The Unboxing and Installation
There are quite a few items in the various boxes but unboxing it and putting it together is fairly straightforward.
Things can get trickier when you physically have to install the various cameras at the best possible locations. There are a few limiting factors here: distance to the DVR is probably the main one as these cameras are wired and come supplied with 8 m long cables. You can never really cable in a straight line either so the actual distance is shorter too. I elected to set up the DVR in my office which overlooks the main entrance to the premises. Two of the cameras are aimed at the gate and the entry and a third camera provides an overview of the office itself from the inside. I opted to install these cameras permanently, which means hiding the cabling with conduit piping. This took up a lot of time, including drilling holes in the outside wall for the piping and wiring. This is where I seriously started to think about getting some wireless cameras!

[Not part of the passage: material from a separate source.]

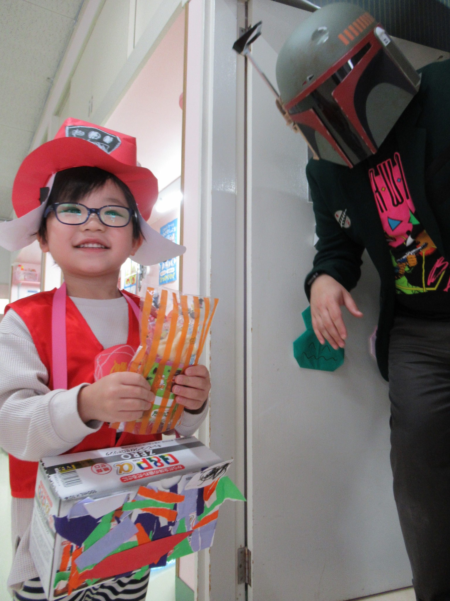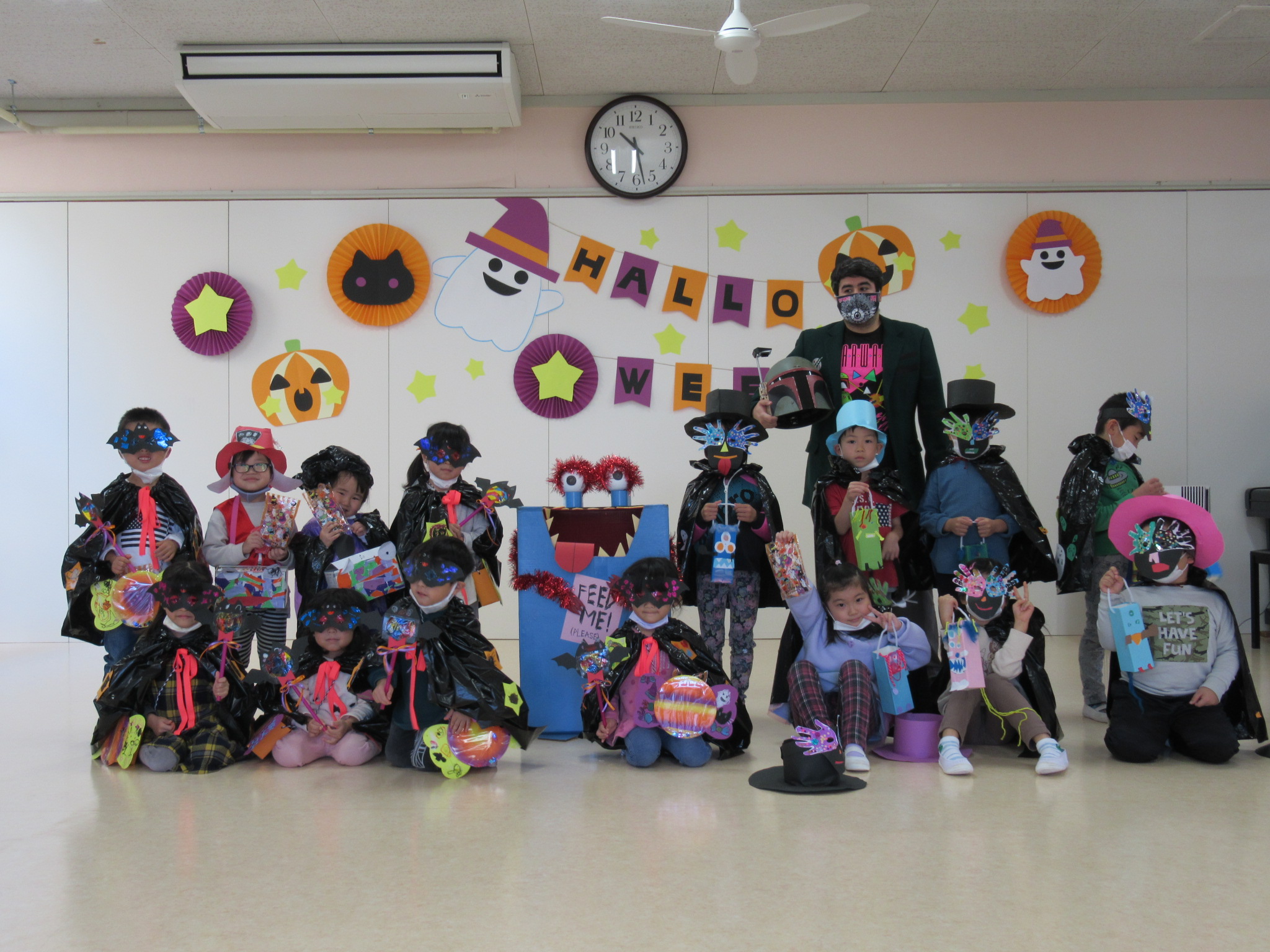 10月最後の英語では、みんなで仮装をしてハロウィン🎃ごっこをしました。

The user manual is fairly comprehensive and probably pretty necessary for most people. From that perspective it is not an easy read and a lot of abbreviations will be totally unfamiliar. The manual lacks a glossary so if you want to figure out what PTZ control does, well, it supports PELCO-D protocol… You can see we are having fun already! And we are not even talking about its networking capability which will flummox most folks. So let’s see how I fared.

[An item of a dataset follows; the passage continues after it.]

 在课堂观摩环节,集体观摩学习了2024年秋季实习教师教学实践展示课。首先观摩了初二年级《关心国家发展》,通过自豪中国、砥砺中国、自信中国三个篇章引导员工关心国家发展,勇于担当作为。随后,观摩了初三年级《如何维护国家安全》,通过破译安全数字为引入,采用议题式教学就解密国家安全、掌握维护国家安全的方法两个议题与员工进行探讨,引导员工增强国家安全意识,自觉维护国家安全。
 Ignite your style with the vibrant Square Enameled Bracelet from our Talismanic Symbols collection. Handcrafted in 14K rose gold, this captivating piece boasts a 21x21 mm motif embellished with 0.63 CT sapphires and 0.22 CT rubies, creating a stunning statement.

A bit confusing is the fact that the manual covers five different yet very similar models so you must make sure which one you have in the box. And let’s assume that yours comes with a hard drive installed already as the manual talks about the first point of business is to install a HDD. This combo kit does come with 160 GB drive, which can keep you going for days, weeks or even months depending on quality setting and/ or frame rate. The four wired CCTV cameras — colour in daylight and black-and-white when using infrared in the dark – get plugged into the back of the DVR with additional BNC to RCA adapters. Wonder why they did not use one standard connection type.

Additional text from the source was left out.